Although only the points on the vapor-liquid equilibrium line (R22 50 ° C equivalent) 2 have been described here, points A ₁ to F ₁ Point inside, that is, temperature 0 ° C, pressure 4.044kg / cm
^{The same} operation is performed for a working fluid having a composition that is in a gas-liquid equilibrium state at ² G and at a temperature of 50 ° C. and a pressure of 18.872 kg / cm ² G (both correspond to the saturated state of R22).
It is possible to obtain a condensation temperature and an evaporation temperature almost equal to R22 at a usage temperature of about 50 ° C.
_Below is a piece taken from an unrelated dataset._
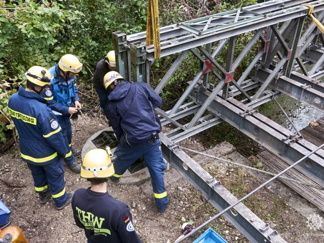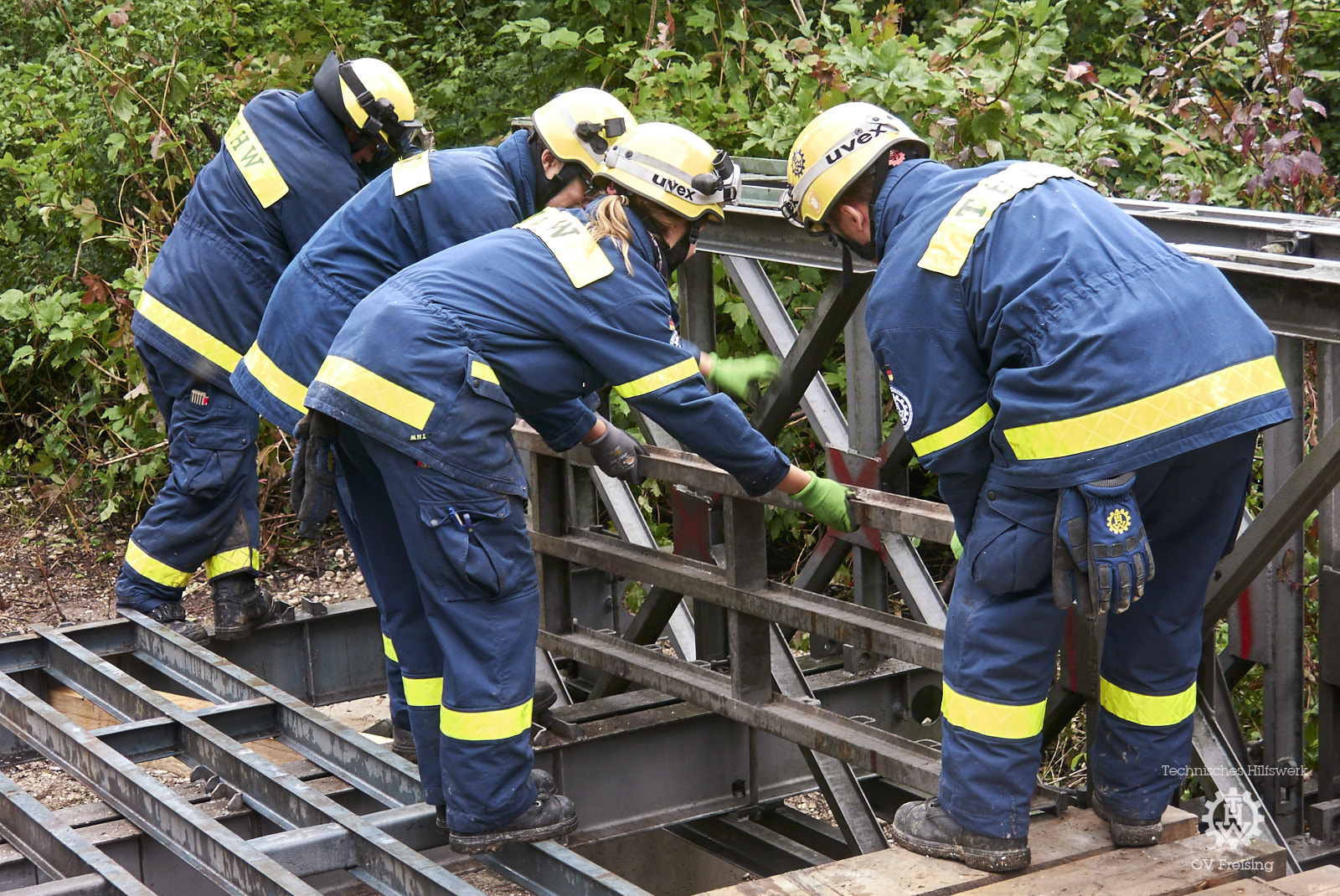 12,25 Meter lang, rund 13 Tonnen schwer und bis 30 Tonnen belastbar – das sind die Daten einer Behelfsbrücke, die 17 THW-Einsatzkräfte der Fachgruppe Brückenbau des Ortsverbandes Freising und des Ortsverbandes München-Land am vergangenen Samstag errichteten.

Figure 2 shows R23,1,1,2,2-tetrafluoroethane (R1
34), the equilibrium state at constant temperature and constant pressure of the working fluid composed of the mixture of three types of R152a R152a is shown by using triangular coordinates. In this triangular coordinate, the standard boiling point at atmospheric pressure is lower in R152a than in R134, but in relation to FIG. 1, at each vertex of the triangle, counterclockwise from the upper vertex, R23, R13
4, Single substance is arranged in order of R152a. In Fig. 2, 3 is a vapor-liquid equilibrium line of the mixture at a temperature of 0 ° C and a pressure of 4.044 kg / cm ² G, and 4 is a temperature of 50 ° C and a pressure of 18.782 kg.
² is a vapor-liquid equilibrium line of the mixture at / cm ² G. In this case, R23, R134 and R152a are each approximately 10 to approximately 50% by weight,
A composition range of 0 to about 90% by weight and 0 to about 90% by weight is desirable because it has a vapor pressure almost equal to that of R22.
3, R134 and R152a are each approximately 15 to approximately 40% by weight, 0 to approximately
A composition range of 85% by weight to 0 to about 85% by weight is particularly desirable.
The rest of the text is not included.